2009-11-23 12:47:57 [MgmtSrvr] INFO     -- Mgmt server state: nodeid 4 reserved for ip 192.168.1.107, m_reserved_nodes 0000000000000000000000000000000000000000000000000000000000000012.
2009-11-23 12:47:57 [MgmtSrvr] INFO     -- Node 4: mysqld --server-id=0

192.168.1.107 is the IP of my mysqld+ndbd node, and 109 is the management node IP.
[23 Nov 2009 13:28] sarang. s
Uploaded the output of ndbd_error_reporter to the ftp server here. Name of the log file : 48991_ndbd_error_reporter
[23 Nov 2009 13:44] Andrew Hutchings
Are there any other log files for node 2?  Such as ndb_2_error.log and ndb_2_trace*.  These are what we would normally use to diagnose these issues (along with the rest of the data in the upload).

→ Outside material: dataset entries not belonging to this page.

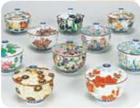
きょうやき きよみずやき 京焼・清水焼
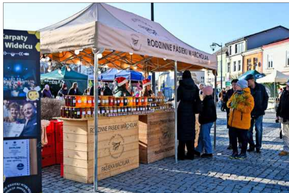
Świąteczne stoiska pełne regionalnych smaków.
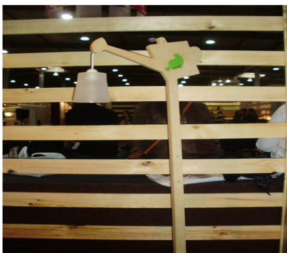
Рис.3. Торшер. Виставка "Design living tendency" 2014р
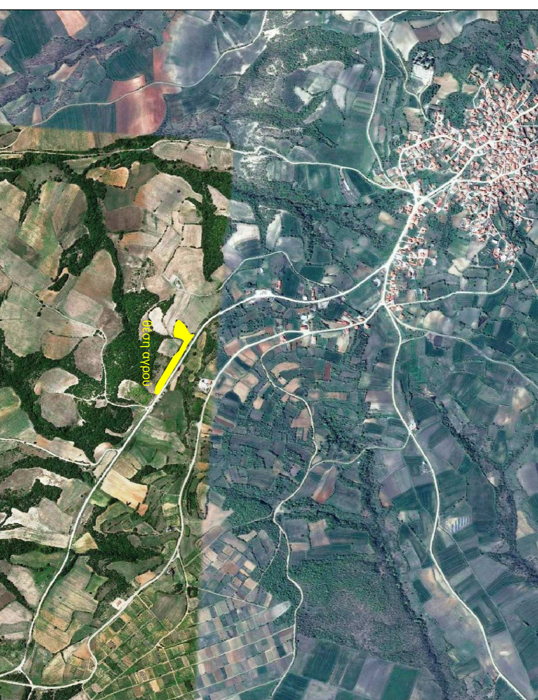
Οδοτοπικό ακριβήγραμμα αποσπάσμα από το google earth
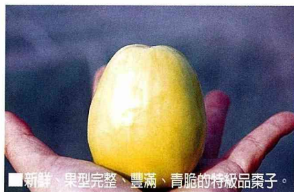
■ 新鮮、果型完整、豐滿、青脆的特級品棗子。

棗子，補氣養顏、益胃生津、富含維他命C，下回上市時建議聰明的讀者認清品牌的棗子品質絕對有保障，不過吃棗子可別囫圇吞棗，務必要細嚼慢嚥才不會有飽脹不適的感覺哦！
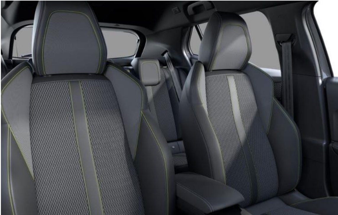
Stoff BELOMKA mit Kuntslederbezug Isabella, Tri-Material Uni Capy mit Ziernähten Grün Adamite
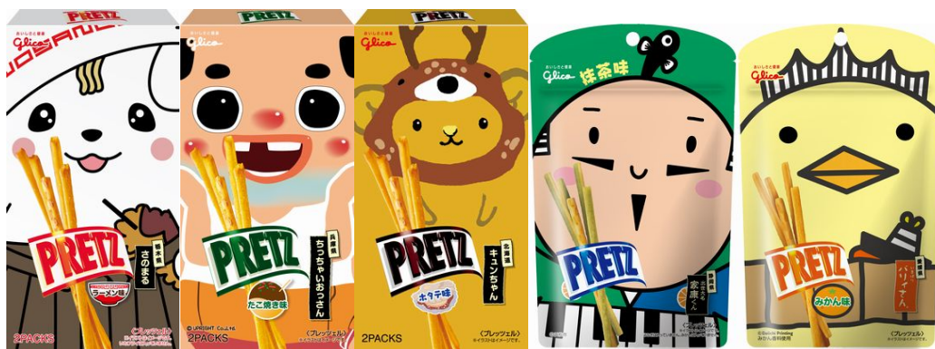
写真：「ご当地キャラクタープリッツ」

江崎グリコは、スティックスナックのロングセラーブランド「プリッツ」を、ターゲットに合わせた企画や味づくりで食シーンの拡大を図り、市場の活性化に寄与して参ります。
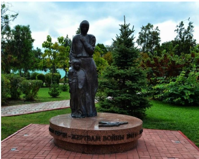
Памятник детям Керчи – жертвам Великой Отечественной войны, монумент размещен в парке Славы, который находится в самом центре Керчи
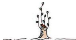
1 Jaar na afzet
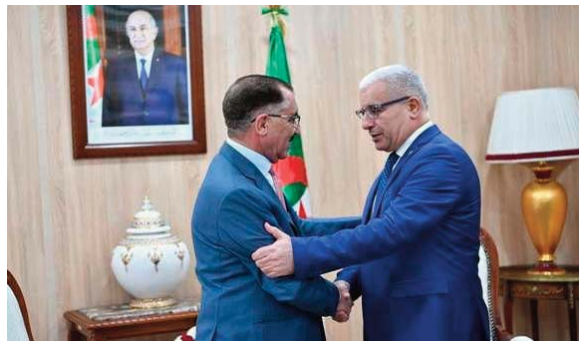
entamé, dimanche, une visite en Algérie, qui s'inscrit dans le cadre des préparatifs en cours, en vue de la tenue de la prochaine conférence de l'UIPA.

Le SG de l'UIPA, par ailleurs, salué "la position de l'Algérie sur ce qui se déroule en Palestine occupée de manière générale et dans la bande de Gaza en particulier, comme génocide méthodique perpétré par l'entité sioniste à l'encontre des Palestiniens parmi les enfants et les femmes". M. Al-Chawabka a, en outre, souligné que l'Algérie "apporte le plus grand soutien à la cause palestinienne et nul ne pourrait nier son rôle, d'autant qu'elle a été à l'avant-garde dans l'adoption des positions de soutien aux causes justes" dans le monde. Le SG de l'UIPA a
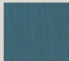
Steelcut - 983

Boiserie Riva srl 00199 Roma - Via Nemorense 37/c Tel. +39068845 253- P.IVA e C.F 05 229581003 info@riva.it - https://www.riva.it
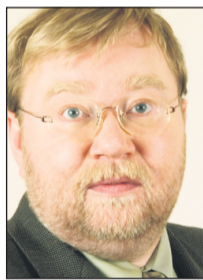
Mart Laar Riigikogu liige
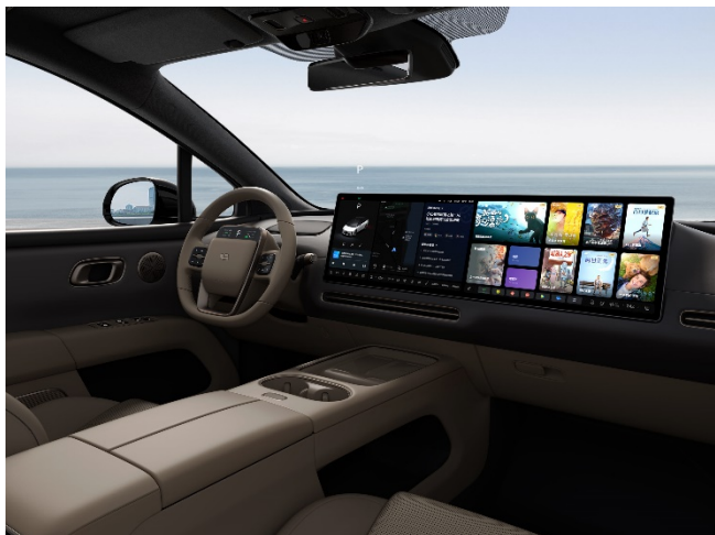
Коричневый / тёмный потолок
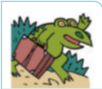
Don Sapo viajó a Buenos Aires.
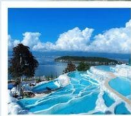
ซานโตรินี่ต้าหลี่
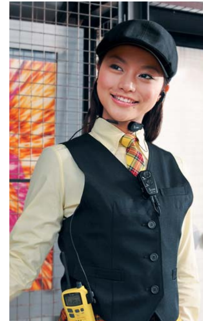
アミューズメント施設 お客様の誘導や、スタッフ間連絡の効率をアップ。 質の高いサービスを実現します。
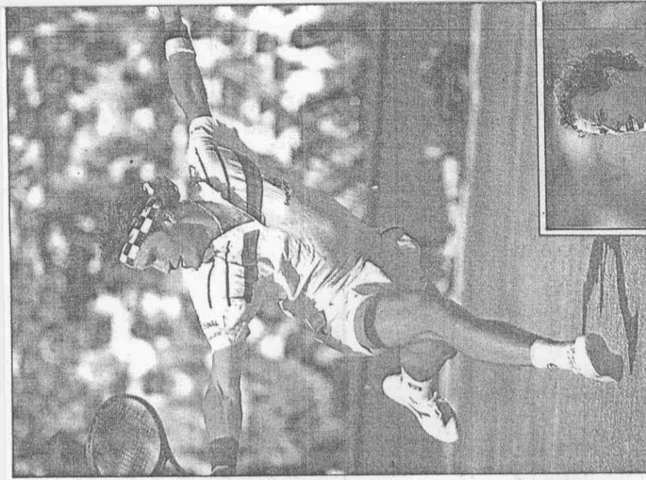
▲凱西，有可能再次稱霸溫布頓嗎？

而一九八五年以非種子身分「異軍稱王」的貝克，在八六年衛冕成功後，被網界視為草地球壇天才，不料卻在八七年的第二回合慘遭名不見經傳的澳洲球員杜漢修理。今年貝克抱定決心捲土重來，一高前並在女王俱樂部網賽奪魁，顯示他在草地球壇上的實力。加上一九八一、八三、八四、八五、八六、八七、八八、八九年曾三獲溫布頓冠軍的火爆小子馬克安諾，在睽違兩年後，重新投入這個戰場；去年以「爆冷」姿態奪冠的凱西圖衛冕，今天開打的第一百零二屆溫布頓大賽，能不能在未來兩個星期內，於全世界掀起網球熱潮？
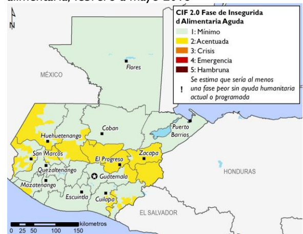
Figura 2. Resultados proyectados de seguridad alimentaria, febrero a mayo 2018
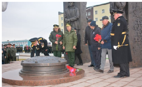
ордена Ленина полигон Российской Федерации награжден вымпелом -

01.08.2007 г.г. - За труды по укреплению духовных основ воинского служению Отечеству, Центральный
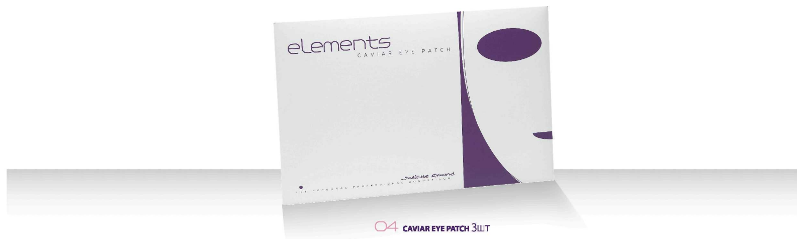
04 CAVIAR EYE PATCH 3шт
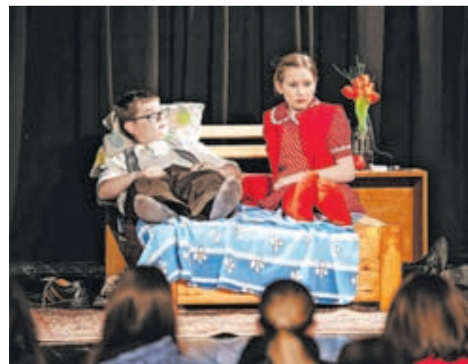
Predstava je dodobra nasmejala polno dvorano Farnega kulturnega društva Koroška Bela.
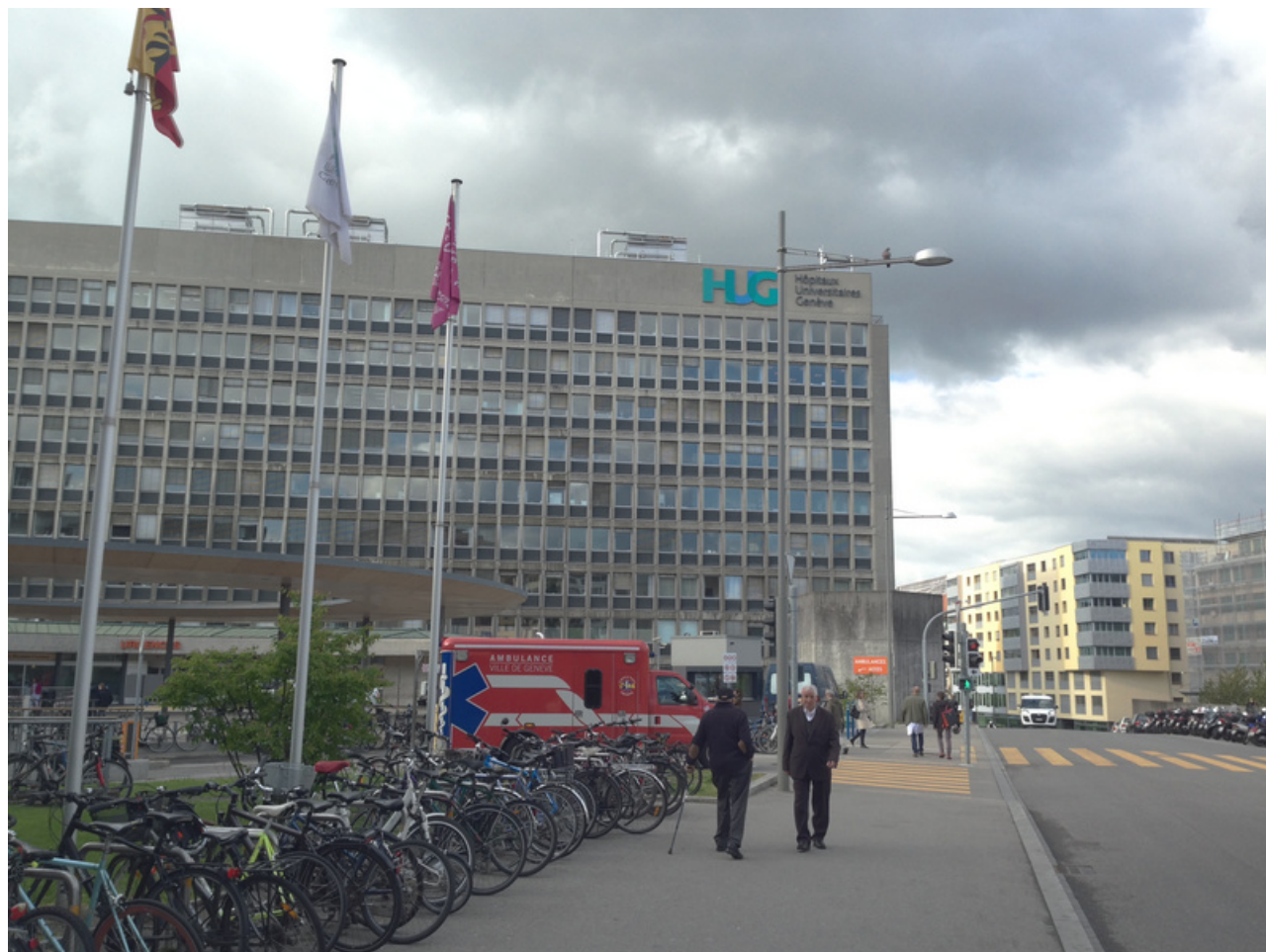
Здание Университетского госпиталя Женевы

Донором пациента Ф. (который находился в соседнем с конференц-залом кабинете с целью сохранения анонимности) стал 75-летний носитель ВИЧ, умерший от кровоизлияния в мозг. Узнав от своего лечащего врача, что швейцарское законодательство разрешает донорство органов в таких случаях, он дал согласие на трансплантацию.
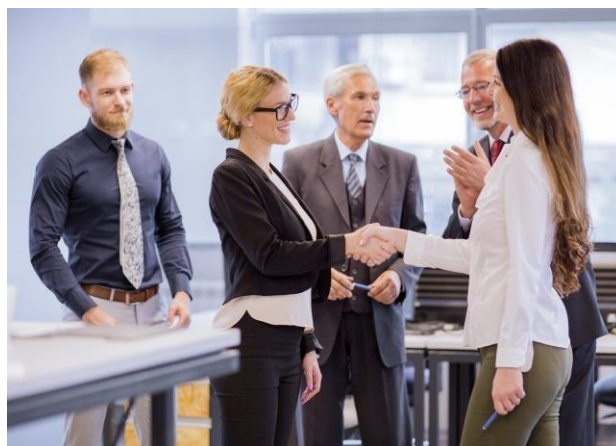
Gambar 3.2 Contoh membentuk tim

Pembentukan tim dilakukan setelah sutradara masuk kedalam project dalam hal ini sutradara memiliki kebebasan untuk membentuk tim dan menunjuk masing masing departament asisten sutradara pertama, penata kamera, penata artistik, penata suara, penata peran, penata rias, penata busana, penata musik, sampai penyunting gambar (Iskandar, 2021).
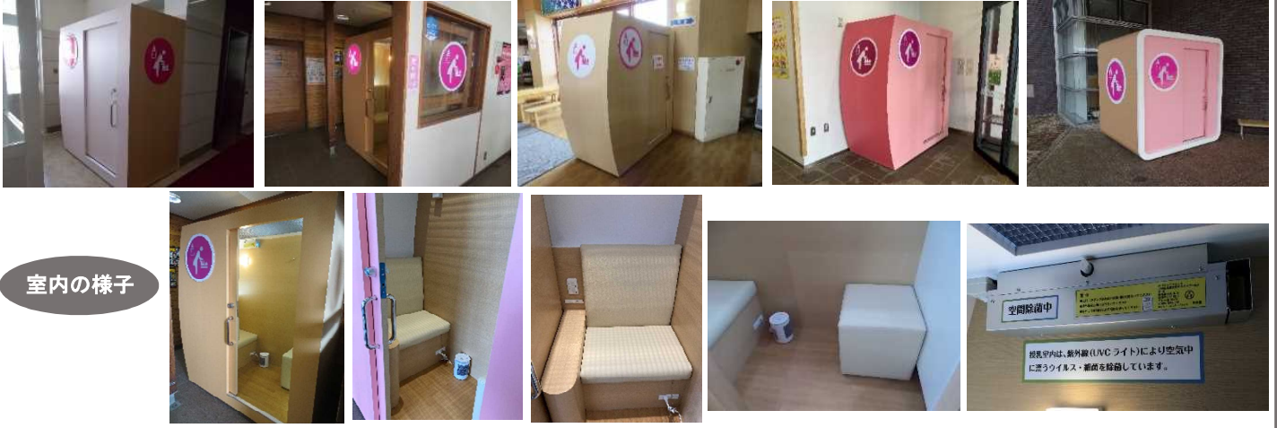
マオイの丘公園(屋外)
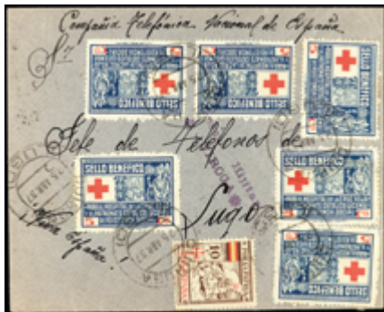
1795 60 €
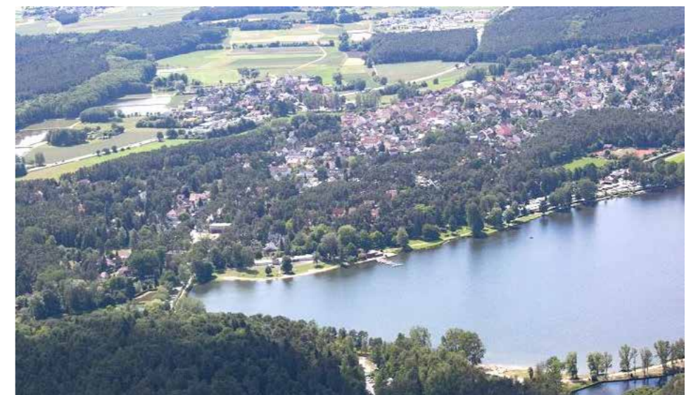
Neuere Luftaufnahme von Dechsendorf aus dem Jahr 2017

Offensichtlich erhofften sich die Bürger von der Stadt eine zügigere Anpassung an die Standards der Zeit und insgesamt eine bessere Berücksichtigung ihrer Anliegen. Von der Bayerischen Staatsregierung war im Zuge der landesweiten Gebietsreform eigentlich vorgesehen, dass Großdechsendorf als selbständige Gemeinde eine Verwaltungsgemeinschaft mit den Seebachgrundgemeinden Heßdorf und Großseebach bilden sollte. Zur Vertretung der
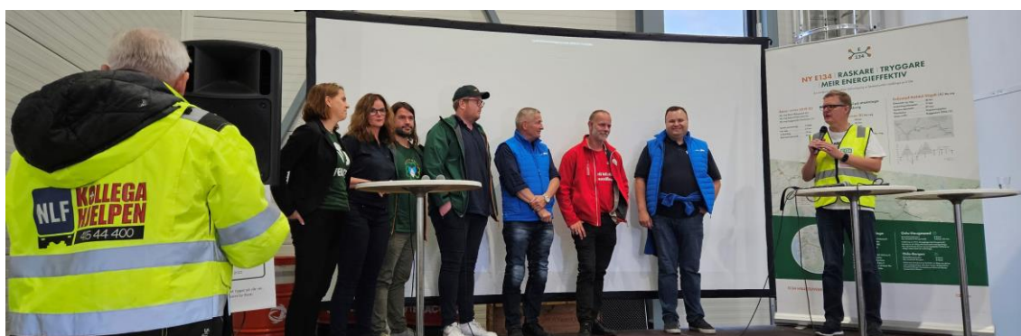
Fylkesordfører-kandidater på scenen
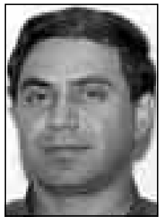
احمد الشهاوي (القدس العربي)
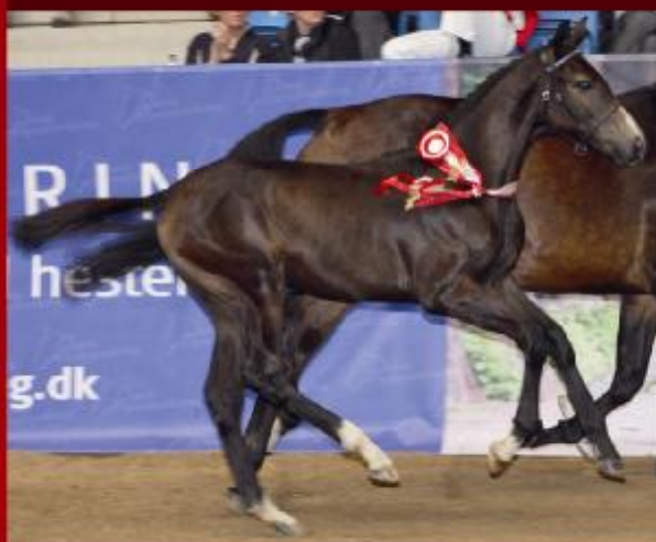
F.A. Cordeau e. Colman/Quinar er født ind i Dansk Varmblods springhesteprogram. Han blev årets bedste springbetonede hingsteføl 2008, og skabte rekord som dyreste springeføl solgt for 400.000 kr. på Dansk Varmblods Elitefølauktion.
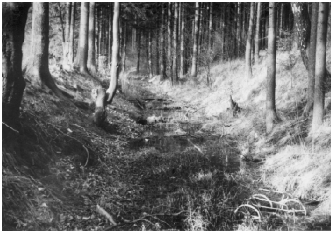
Kanál Suchý - Šmelcovna: profil koryta v horní části trasy

Při realizaci stavby dřevoplavebního kanálu ze Suchého na Šmelcovnu dokázali stavitelé využít nejen různých stavebních materiálů podle charakteru okolí kanálu (v horní části především dřevo, ve spodní části pak především kámen), ale také různých typů vodních cest (kanál vyložený dřevem, kanál vyložený kamenem, dřevěný vodní skluz, umělé koryto). Za zmínku
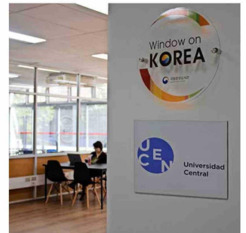
La biblioteca Window on Korea tiene una selección destacada sobre Corea y Asia.
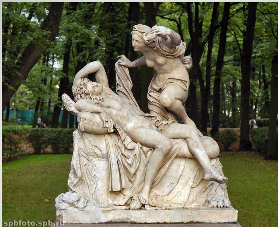
"Амур и психея". XVII в. Неизвестный итальянский скульптор
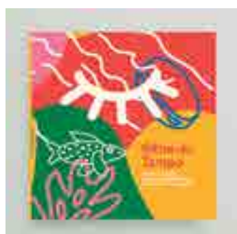
Mestra Doci ladeada pelas crianças atendidas na unidade (destaque), a capa da publicação e fotos que registram as diferentes atividades educativas realizadas na EVOT
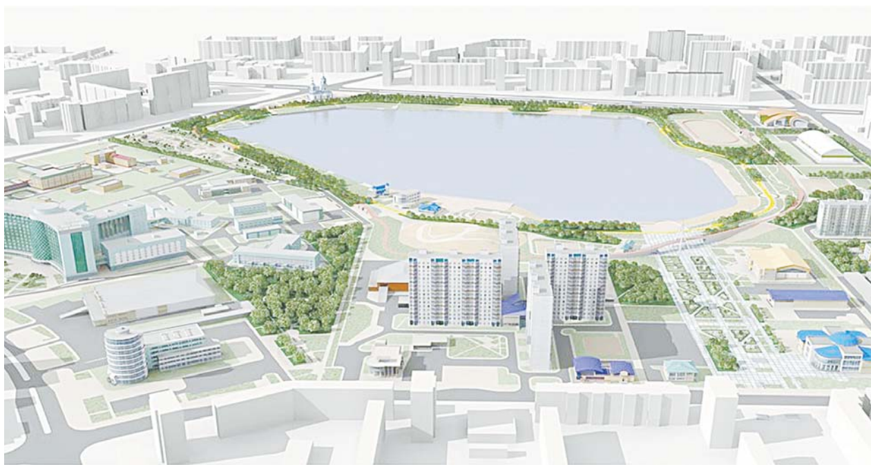
Концепция пространственного развития нашего города как центра Нижневартовской агломерации, пожалуй, ближе для понимания, чем футуристические изменения пока еще умозрительной межмуниципальной конструкции.

Мы посвятили этой теме уже две полноценных публикации и та, что вы сейчас читаете, вероятно, не станет последней. В ней мы попытаемся ответить на вопрос: что роднит любимый и вполне осязаемый Нижневартовск с мифическим городом Нью-Васюки, который придумал экспромтом известный литературный персонаж Остап Бендер.
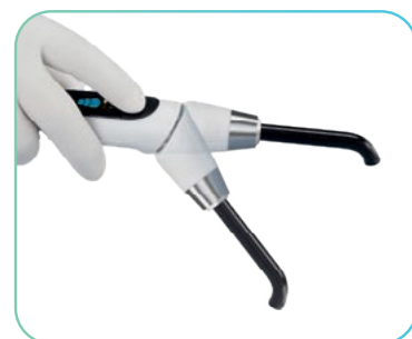
Polimerizacijska luč T-LED s prikazom programov

If not we will really need a core file to diagnose this.
[24 Nov 2009 12:01] sarang. s
Uploaded the log file from the second data node server to the ftp server, name is : 48991_datanode2.tar
[25 Nov 2009 0:08] Andrew Hutchings
Unfortunately all this tells us is there is something wrong with the
other node (and connection problems with the management node).

We would need the error and trace files from nodeID 2 or the core file
to diagnose this.

To get a core file in RHEL (as you indicated you used off the bug tracker) please follow the instructions outlined at:

http://kbase.redhat.com/faq/docs/DOC-5353
[30 Nov 2009 7:44] sarang. s
core dump

Attachment: tmp.tar.gz (application/x-gzip, text), 538 bytes.

[11 Dec 2009 15:15] Andrew Hutchings
The file you uploaded is not a core file.  Please use the instructions provided to you offline to generate the core file.
[12 Jan 2010 0:00] Bugs System
No feedback was provided for this bug for over a month, so it is
being suspended automatically. If you are able to provide the
information that was originally requested, please do so and change
the status of the bug back to "Open".